Reféns
Reféns (Diário da Manhã, 28/03/2008)
Somos reféns de nossa própria vida, aranhas presas ao emaranhado de teias sem rumo ou nexo, onde nem mesmo sabemos o ponto de partida. Perdemos o juízo, a capacidade de nos sensibilizarmos com a dor do outro, onde tudo parece normal, sem lembrar que “o mar tem mais perigo é quando é calmaria”. Como todo esse caos de nosso cotidiano começou? Foi pela multiplicação dos povos, pela urbanização das cidades, pelo lucro e pela cobiça desenfreada ou pelo avanço tecnológico que nos desumanizou e retirou de nós a única capacidade que havia sobrado: o amor em última instância?
Somos reféns dos planos governamentais, das oscilações da bolsa, do mosquito da dengue, do vizinho que era tão gente boa e se revelou o monstro que sempre foi. Tornamo-nos reféns do tempo, do inexorável minuto que faltou no dia de ontem, reféns do relógio digital de nossa pressa, do ponteiro que só existia antigamente na badalada de um sino de uma cidadezinha perdida na memória de nosso interior. Ficamos reféns de tudo o que não pode ser feito no dia de hoje, da loucura do trânsito engarrafado, do atraso no vôo, do céu poluído que nos devolve em tragédias as agressões aprisionadas de nossos absurdos.
Somos reféns dos bandidos que já não escolhem mais hora nem lugar, nem dia nem noite, nem bairro nem vítima. Contam com nossa incapacidade de indignação perante o cotidiano. Ficamos reféns dos bancos que nos controlam e nos taxam a incompreensão da lógica matemática de seus serviços, mas que no fim das contas geram lucros astronômicos. Somos reféns do medo de estarmos vivo, assustados por mais um dia e que “Deus lhe pague”. Reféns do sono que não vem e da insônia que não faz companhia. Reféns das noites em que os filhos saíram e não sabemos se voltarão sãos e salvos. Torturados por não termos mais em quem botar a culpa por tanto descalabrado ou por não acreditar que exista alguém capaz de dar jeito na existência em que chegamos.

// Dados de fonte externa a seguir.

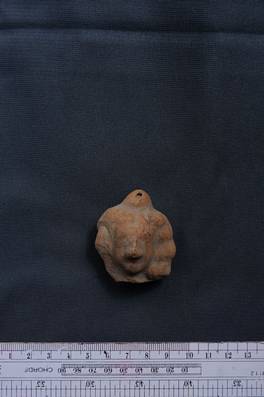 | Description / विवरण | Terracotta male head. Hair parted in the middle. There is a high bump on the backside of the head. Eyes much weatherworn. Nose shown prominently. |
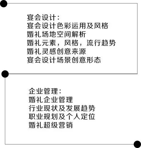 此次婚礼课程,从现代艺术设计与婚礼概论,到如何将空间艺术运用至宴会场景,再到如何打造高品质的创意宴会空间,都将做详细的讲解与分享。企业运营管理课程会带您深入了解思普瑞运营之道,全面解析婚礼公司模式,帮助您从行业乱局之中脱颖而出。课程最后,还会对学员的作业进行分析与点评,以及挑选学员曾经的作品进行指导与改善。
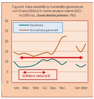 În figura 6 poate fi examinată întreaga evoluție pe luni în anul 2020 și în primele trei luni din acest an, cu incredibila explozie din ultimele trei luni ale anului 2020. Se poate remarca, dramaticei majorări a numărului de decedați i s-a adăugat declinul numărului de născuți. Nu putem ști acum dacă acest declin al născuților a fost conjunctural, dacă este rezultatul unei tendințe noi de scădere a numărului de născuți ori este începutul concretizării deciziilor tinerelor cupluri de renunțare sau de amânare a venirii copilului pe lume luate în contextul pandemiei. Iată imensul cost demografic de până acum al pandemiei.
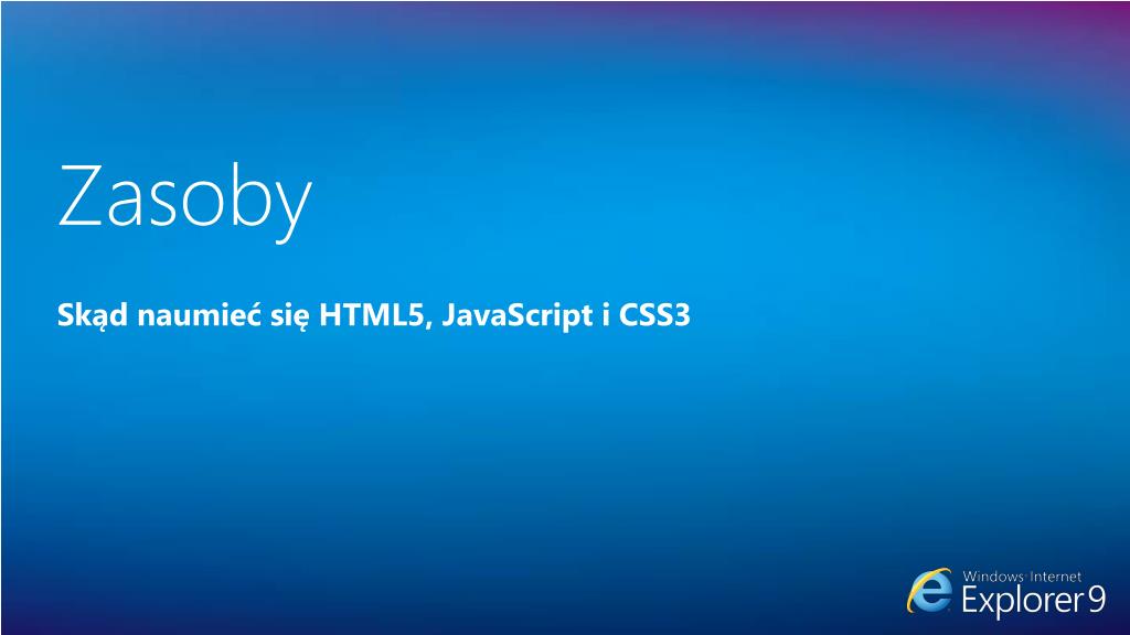 Podejście Microsoft do HTML5 IE9 IE Platform Previews HTML5 Labs Gotowe witrynyHTML5 Standardy „work in progress” Wschodzącestandardy beautyoftheweb.com ietestdrive.com html5labs.com
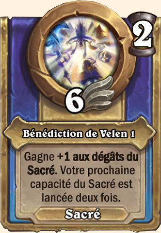 Bénédiction de Velen Gagne +2 aux dégâts du Sacré. Votre prochaine capacité du Sacré est lancée deux fois Gagne +3 aux dégâts du Sacré. Votre prochaine capacité du Sacré est lancée deux fois Gagne +3 aux dégâts du Sacré. Votre prochaine capacité du Sacré est lancée deux fois Gagne +3 aux dégâts du Sacré. Votre prochaine capacité du Sacré est lancée deux fois |
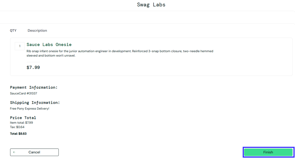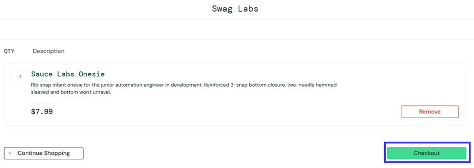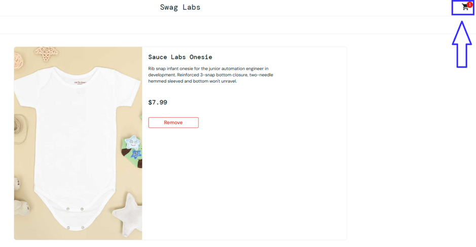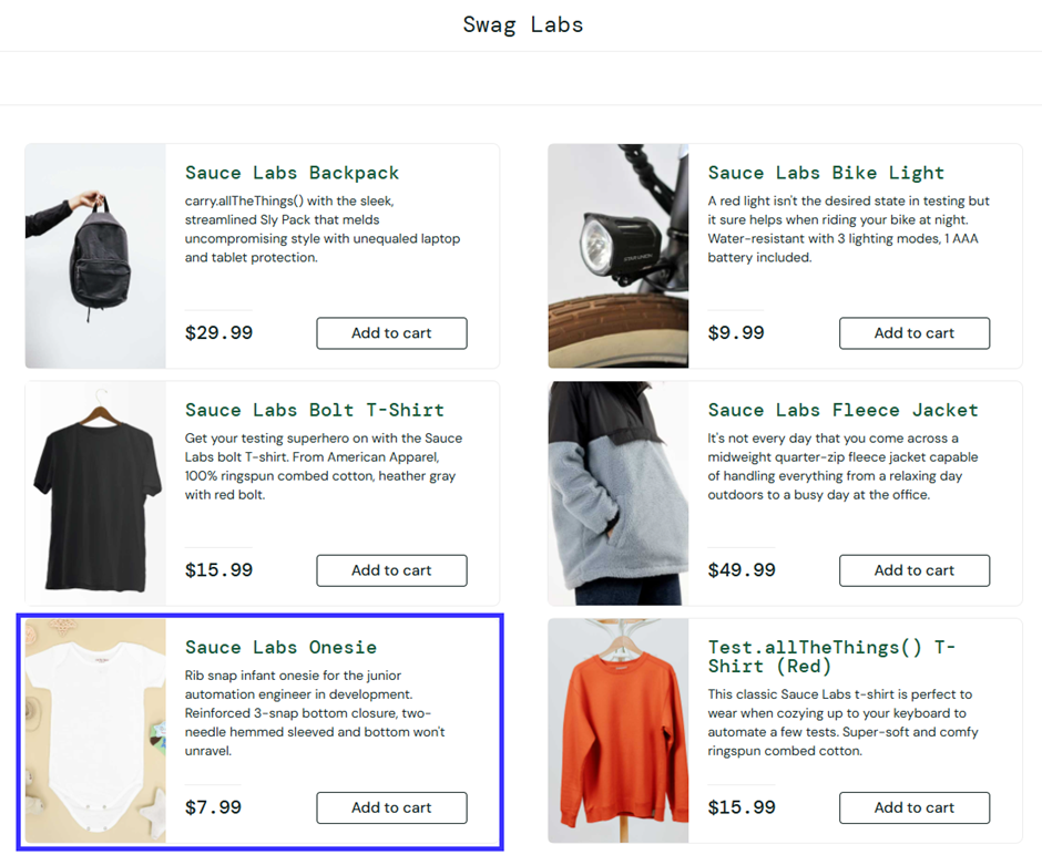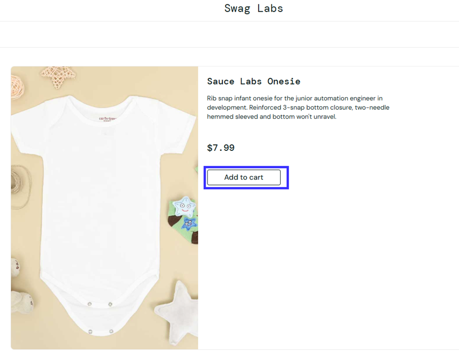 Enter "standard_user" as the username and "secret_sauce" as the password to log in. From the list of items, select white body with the name "Sauce Labs Onesie" and add it to your cart.

Avançamos na tecnologia e ficamos reféns da atualização, horda de desumanos a vagar em busca de não se sabe o quê, abstratos e concretos, sem distinguir a tênue fronteira entre as duas dimensões. Filhos bastardos e tardios do desenvolvimento da civilização, onde o mosquito da dengue faz o século XXI se curvar ao XIV. Assumimos o individualismo ao extremo, o egoísmo como defesa e nos cercamos de cercas e arame farpado, de eletricidade e de muros, exaurimos a sobrevivência. Temos hoje mais trancas do que portas, mais alarmes do que segurança, mais medo do que esperança. Reféns até mesmo da sorte. Não há mais nada exato. Nem a propriedade diante do financiamento, da terra produtiva diante da invasão, do amigo diante do traidor, nada, absolutamente nada nos assusta, quando muito nos “assombra a súbita intenção de um incesto”.
Somos reféns das religiões que nos aprisionam no futuro, apegadas profundamente ao medo que temos do que virá depois da morte, ao encantamento que precisamos manter num salvador da pátria mesmo que não tenhamos sequer a pátria. Precisamos acreditar na salvação, pois o desespero fica suportável. Se a ciência descobrir um dia o que está por trás da morte, todas as religiões terão fim, naufragarão nas águas da própria enchente. Templos, igrejas, mesquitas e sinagogas estão cada vez mais cheios de gente com fé e esperança, o que significa que ainda sobrevivemos internamente ao mundo externo, repletas de nossas orfandades e nossas ilusões. Só que não temos como evitar o confronto cada vez mais latente entre a ciência e a fé. Uma triunfará e não haverá lugar tranqüilo para a outra.
Carteira de Identidade, de motorista, CPF, senhas intermináveis, controles de tudo o que fazemos, o Big Brother é aqui mesmo, no dia-a-dia imperceptível do controle estatal. Somos reféns de números e documentos sem os quais não existimos e aos quais nos revelamos. Reféns do preconceito dentro da própria casa, das cotas que tentam amenizar o descompasso entre o capaz e a cor, o mérito e a doação. Reféns de um nível cultural cada vez mais baixo, chulo e idiota, do diálogo monotemático, da solidão quase impossível no planeta Terra e não há receita, aliás, não temos nem mesmo remédio. O cotidiano ficou embaçado pelo espelho. A atrocidade ficou comum diante desse tempo incomum. E depois os presos são os da cela ao lado!
Nasr Fayad Chaul
prof. titular em História da UFG, doutor pela USP, compositor, ex-presidente da Agepel e atual presidente da Fundação Rádio e Televisão Educativa e Cultural da UFG.